── Exercise data

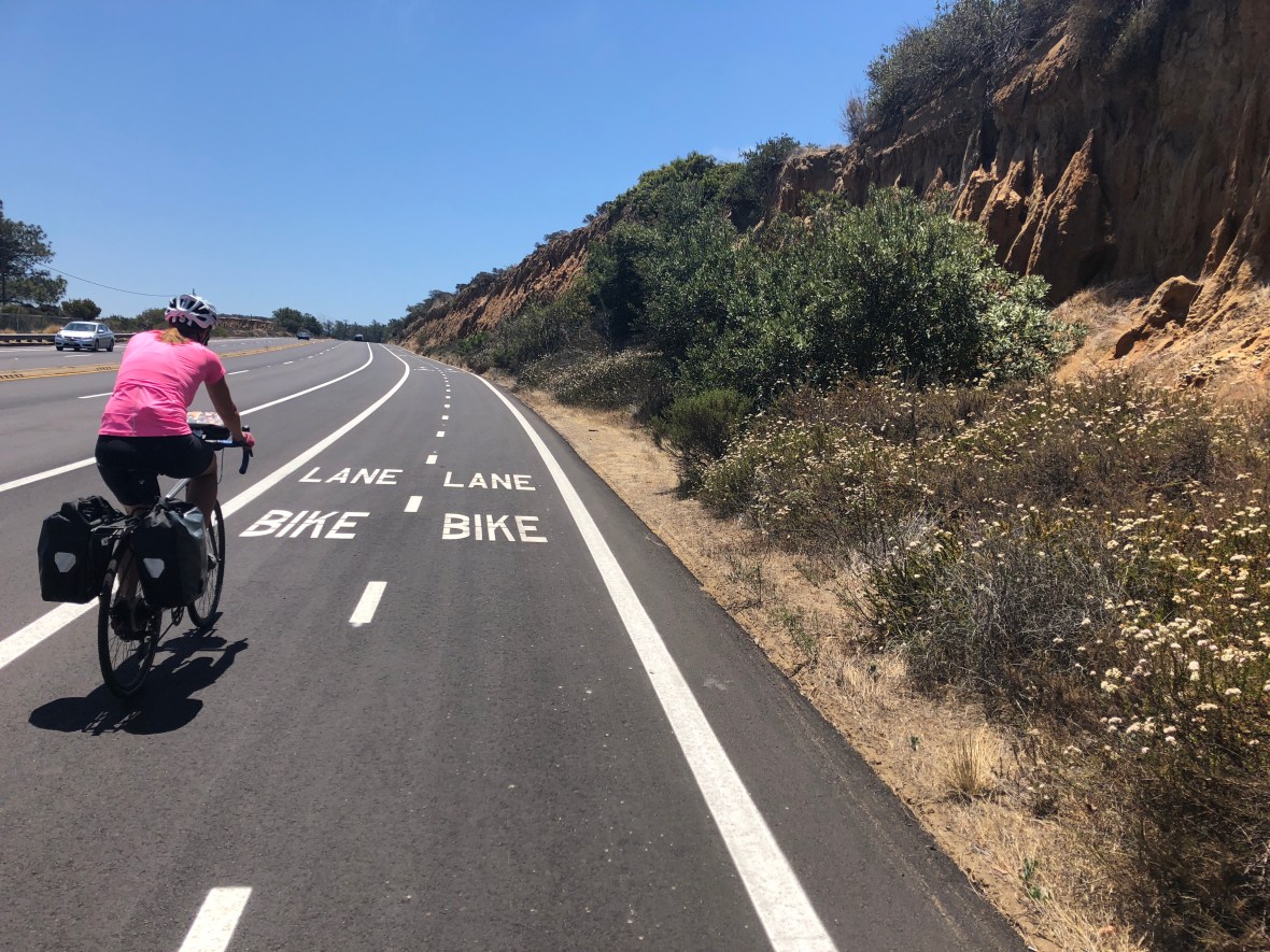 Climbing into Torrey Pines Preserve was the first and only time the shoulder was divided into two bike lanes, the polar opposite of Laguna Beach. It was also the only significant climb today, a few hundred feet. Far cry from the thousand-foot climbs of yore!
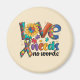 Partilhe a compaixão e o apoio com este ímã de sensibilização para o autismo "Love Needs No Words", que inclui girassol vibrante, coração e quebra-cabeça coloridos. Perfeito para mães, professores, defensores e qualquer um que comemore a aceitação do autismo.
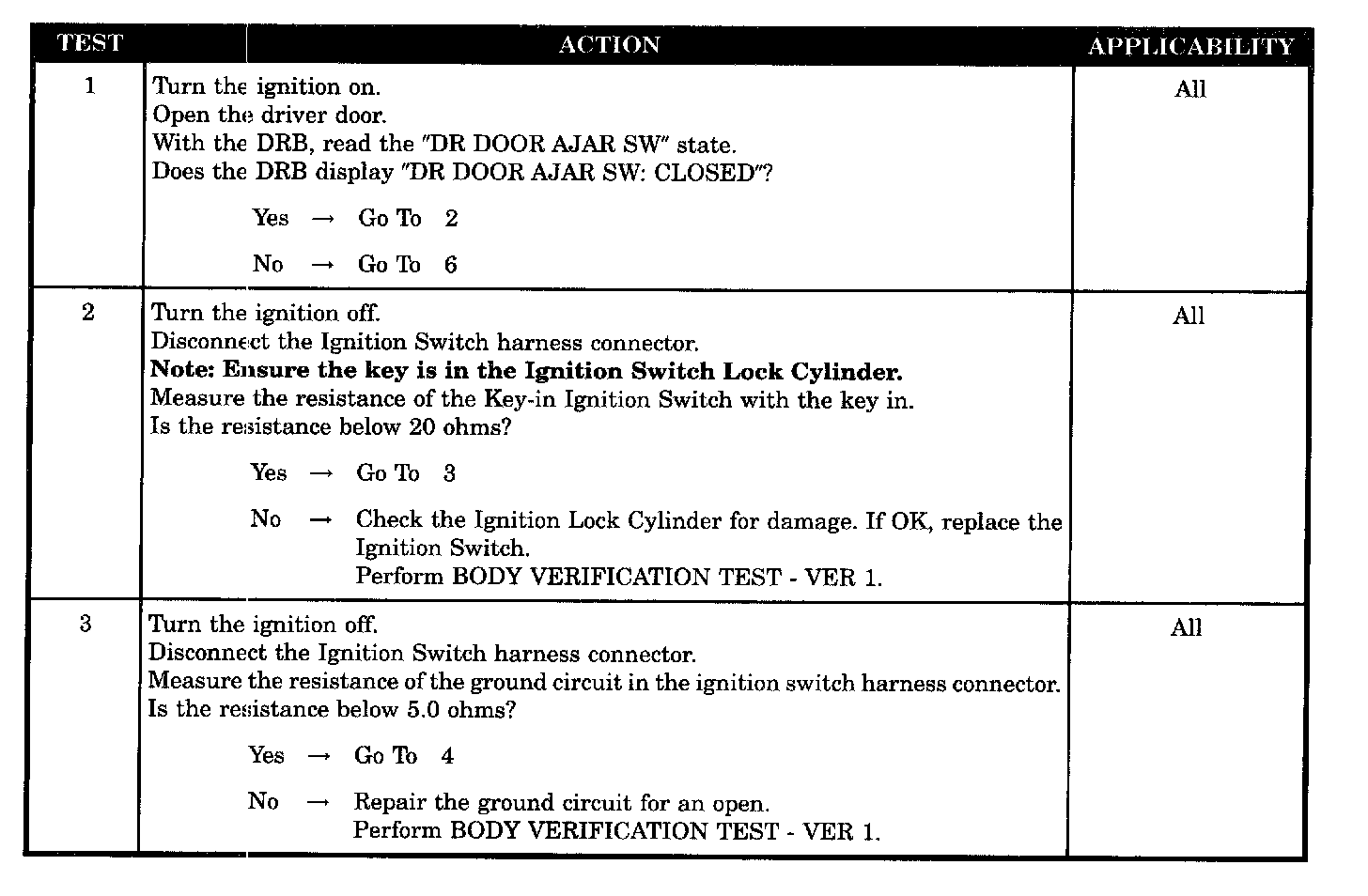 CHIME INOPERATIVE WITH KEY IN IGNITION, DRIVER'S DOOR OPEN
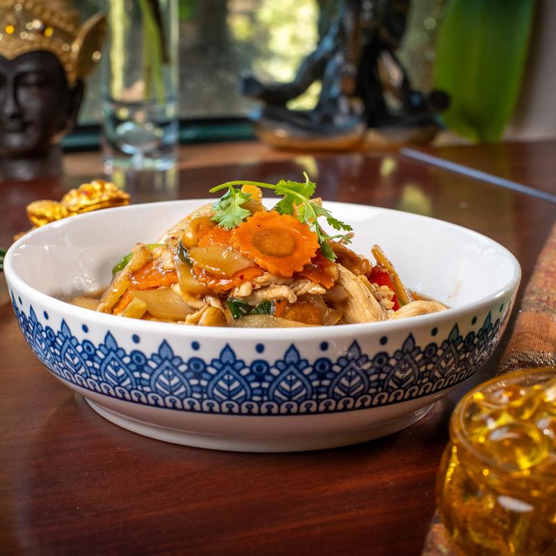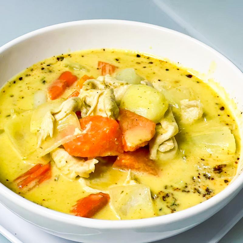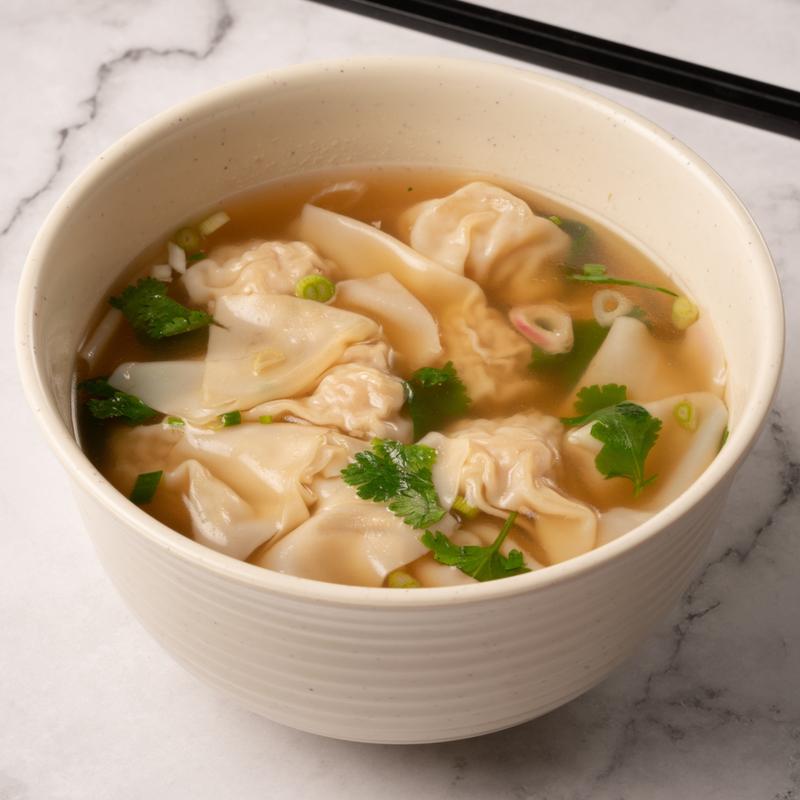 Chicken wonton, carrots, green and white onion & cabbage in chicken broth.
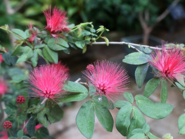 ブーゲンビリア(手前・ピンク)とカエンカズラ(奥・オレンジ)
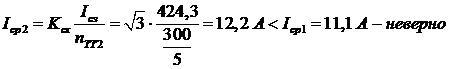 Первичный ток срабатывания выбираем больший из рассчитанных:
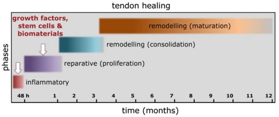 Overview of the tendon repair process in humans. The healing of ruptured tendons passes through three phases with distinctive cellular and molecular cascades. Their duration depends on the location and severity of the injury. During the first two stages (indicated by white arrows), growth factors, stem cells or biomaterials are implemented. Reproduced with permission from [35]. Copyright 2015. Elsevier.
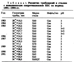 Результаты производства Создание сталёй для трубопроводов, эксплуатирующихся в условиях кислых сред, за последние 10 лет определялось требованиями рынка. Состояние производства трубопроводов иллюстрируют данные табл. 1 о выполнении некоторых заказов на проекты трубопроводов для кислых сред. Они отражают изменение требований рынка к толщине стенки трубы, классу (прочности) материала и сопротивлению воздействию кислой окружающей среды (в зависимости от pH раствора, используемого для испытаний на ШС).
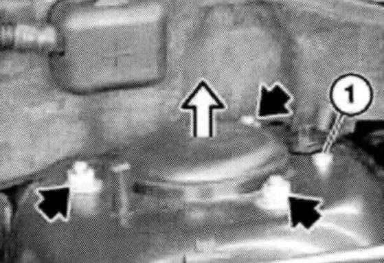 Removing and installing/replacing pipe (1) (black) between valve block and accumulator unit:
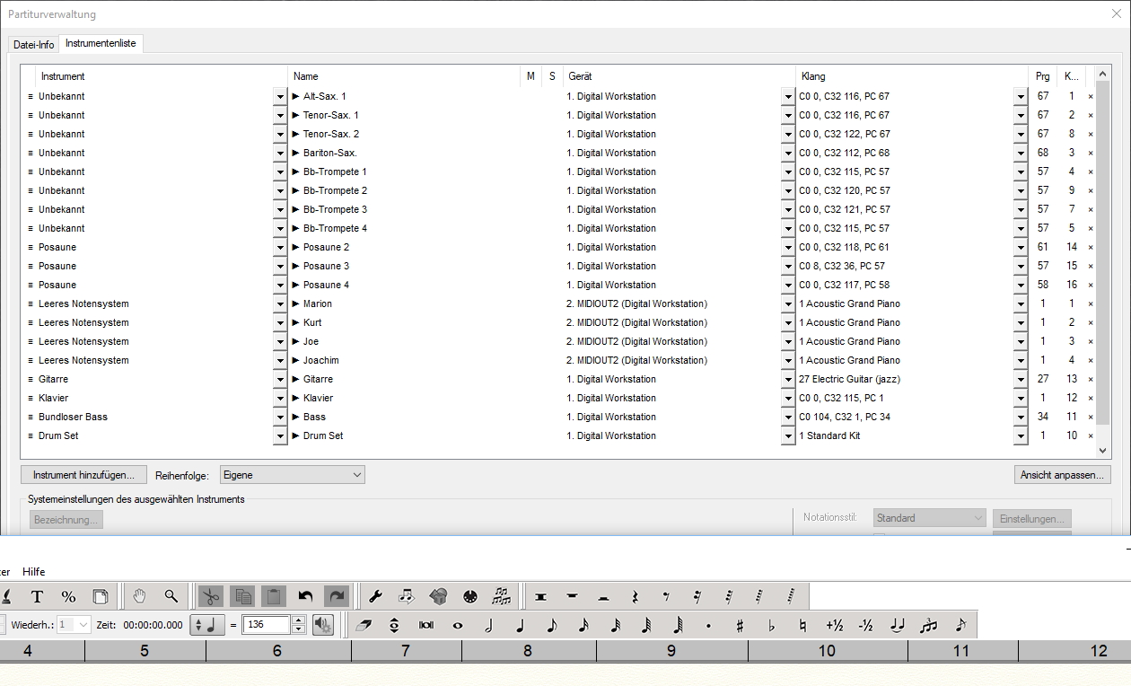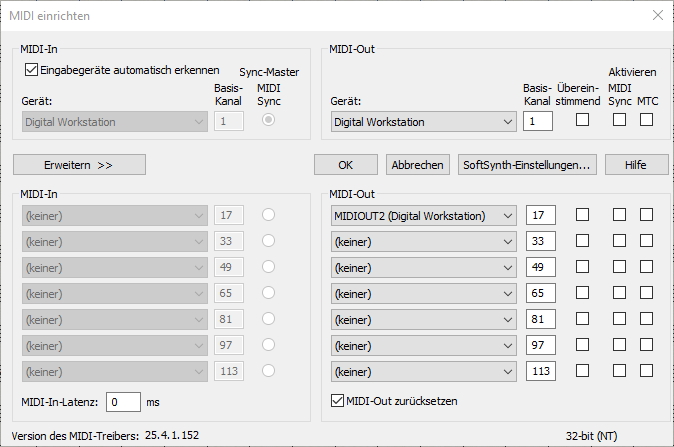 zurzeit schreibe ich mehrer Arrangements für Bigband und Jazzchor. Für die Wiedergabe benötige ich bis zu 28 MIDI-Kanäle. Leider gelingt es mir nur 17 Kanäle zur Wiedergabe zu bewegen (1-16 auf dem ersten, 17 auf dem zweiten Instrument). Wer kann mir helfen?

────

Repeat exactly, and only, the entries from the line with "ブーゲンビリア(手前・ピンク)とカエンカズラ(奥・オレンジ)" through the line with "Первичный ток срабатывания". Pictures are skipped.

 ブーゲンビリア(手前・ピンク)とカエンカズラ(奥・オレンジ)
 Первичный ток срабатывания выбираем больший из рассчитанных:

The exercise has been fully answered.